Kündigt ein Unternehmen seinem Mitarbeiter, so ist es nicht ausreichend, eine Arbeitsbescheinigung an die Agentur für Arbeit zu schicken. Denn ein Arbeitnehmer gilt nur dann als gekündigt, wenn ihm eine schriftliche Kündigung zugegangen ist. Die Arbeitsbescheinigung ist zwar auch ein Schriftstück, sie wird jedoch nicht dem Arbeitnehmer zugestellt.
Die Entscheidung der Richter basiert auf einem Fall, in dem sich Kellner mit seinem Chef zerstritten hatte und danach nicht mehr im Betrieb eingesetzt wurde. Der Arbeitgeber ließ daraufhin seinen Steuerberater eine Arbeitsbescheinigung für die Agentur für Arbeit ausstellen. Darin teilte er mit, dass der Kellner von ihm gekündigt worden sei.

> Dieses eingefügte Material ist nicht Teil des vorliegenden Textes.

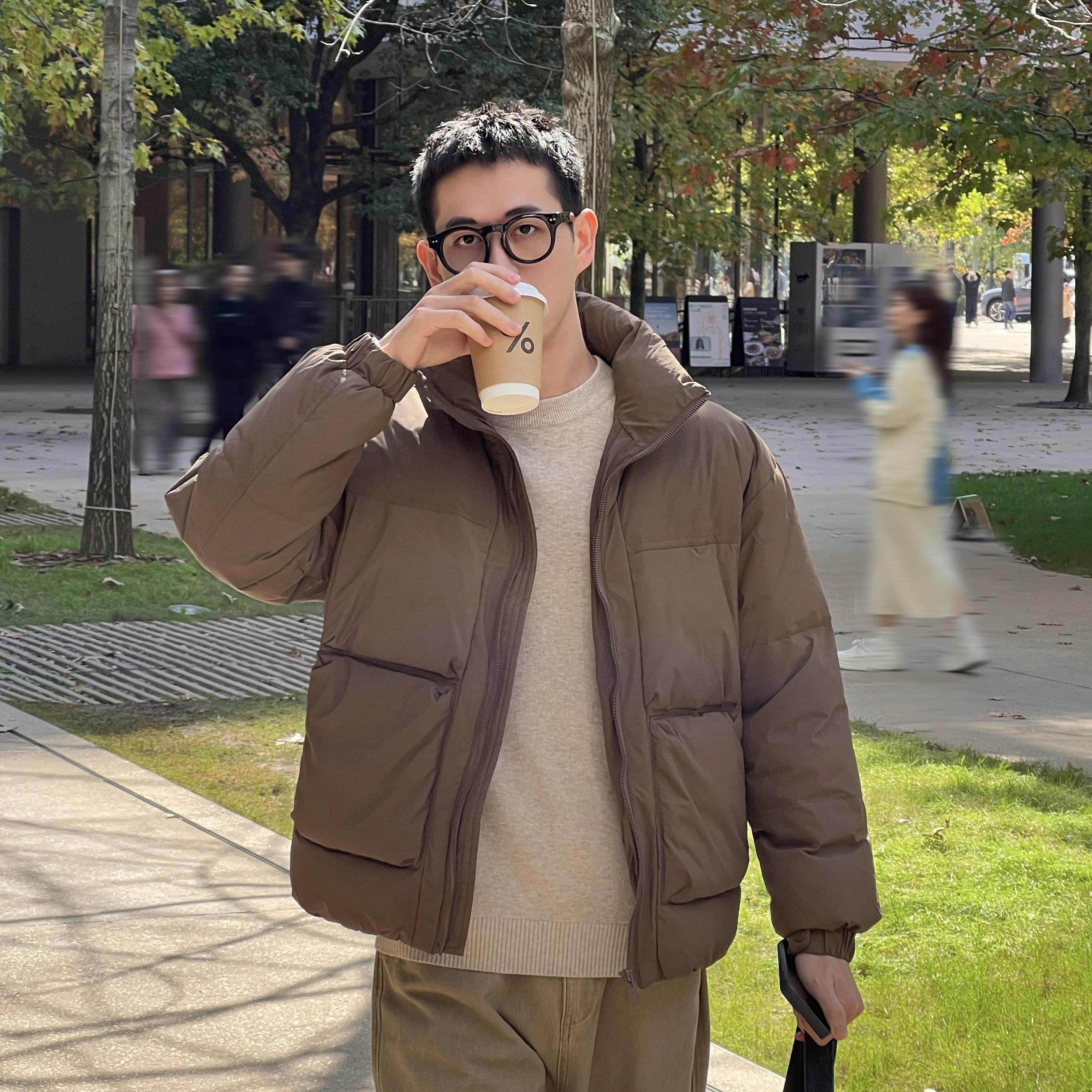 📚 Nick Tian 秋冬新款80白鸭绒咖色羽绒服男休闲保暖无帽立领外套

Das reichte aber nicht, um den Kellner zu entlassen, entschieden die Richter. Die Arbeitsbescheinigung stelle keine wirksame Kündigung dar. Auch mündliche Äußerungen des Arbeitgebers während des Streits mit dem Kellner seien unerheblich: Eine Kündigung müsse immer schriftlich erfolgen. Dem Kellner stehe daher auch für die Zeit nach dem Streit mit seinem Chef Lohn zu. Dagegen spreche auch nicht, dass er danach nicht mehr gearbeitet hatte - sein Chef habe es nämlich versäumt, ihm seine Arbeit zuzuweisen.